After the high-end parts, the drop in performance can become precipitous. This has been particularly bad for AMD GPUs, where the drop from Mobility 5800 series down to the 5700 and 5600 parts often means less than half the performance. NVIDIA has had a few more upper-midrange parts floating around, though, and that looks to continue.

NVIDIA Performance and Mainstream 400M Specifications
  GeForce GT 445M GeForce GT 435M GeForce GT 425M GeForce GT 420M GeForce GT 415M
Codename GF106 GF108 GF108 GF108 GF108
CUDA Cores 144 96 96 96 48
Graphics Clock (MHz) 590 650 560 500 500
Processor Clock (MHz) 1180 1300 1120 1000 1000
Memory Clock (MHZ) 800/1250 800 800 800 800
Standard Memory Configuration DDR3/GDDR5 DDR3 DDR3 DDR3 DDR3
Memory Interface Width 128/192-bit 128-bit 128-bit 128-bit 128-bit
Memory Bandwidth (GB/sec) 25.6/60.0 25.6 25.6 25.6 25.6
SLI Ready No No No No No

First, you'll notice that none of these "Performance and Mainstream" parts supports SLI. That's hardly surprising, as SLI with lower-end mobile GPUs has never been our recommended approach. First get to the high-end for performance reasons, and then worry about SLI. Other than that limitation, all of these parts have the same features as the faster parts on the previous page.

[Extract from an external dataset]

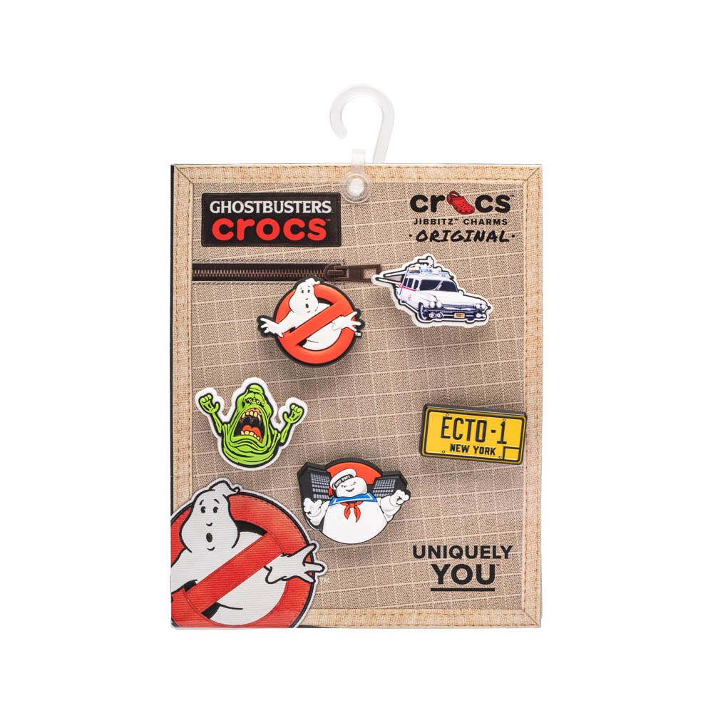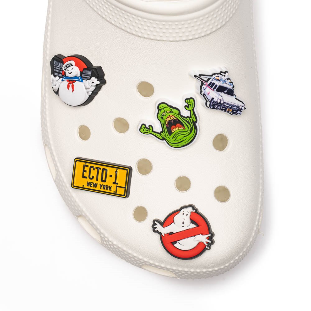 Show the world you ain't afraid of no ghost with the new Ghostbusters Crocs Jibbitz™ Shoe Charms 5 Pack! The perfect way to accent your throwback style, this variety pack includes an assortment of shoe charms with iconic characters like Slimer, The Stay Puft Marshmallow Man, and more!

The new GT 445M is the first part to come with split specifications. Given the option for 128-bit and 192-bit bus widths, it appears the 445M will use the full GF106 memory controller for the higher bandwidth version and cut off one of the 64-bit interfaces for the low bandwidth model. Many of our gaming results have looked bandwidth limited, so we'd definitely recommend going for the GDDR5 192-bit model if possible, but that will be up to the notebook manufacturers. 445M looks to compete in a similar space as 460M with the higher bandwidth model, but it cuts computational power quite a bit at roughly two-thirds of the 460M. The difficulty here is that 445M can be either substantially faster than some of the older parts, or if you get the 128-bit DDR3 model you're suddenly cut down to less than half the bandwidth. Heavy use of shaders, tessellation, etc. might make the lack of bandwidth less painful, but without hardware and future games it's difficult to say how things will play out.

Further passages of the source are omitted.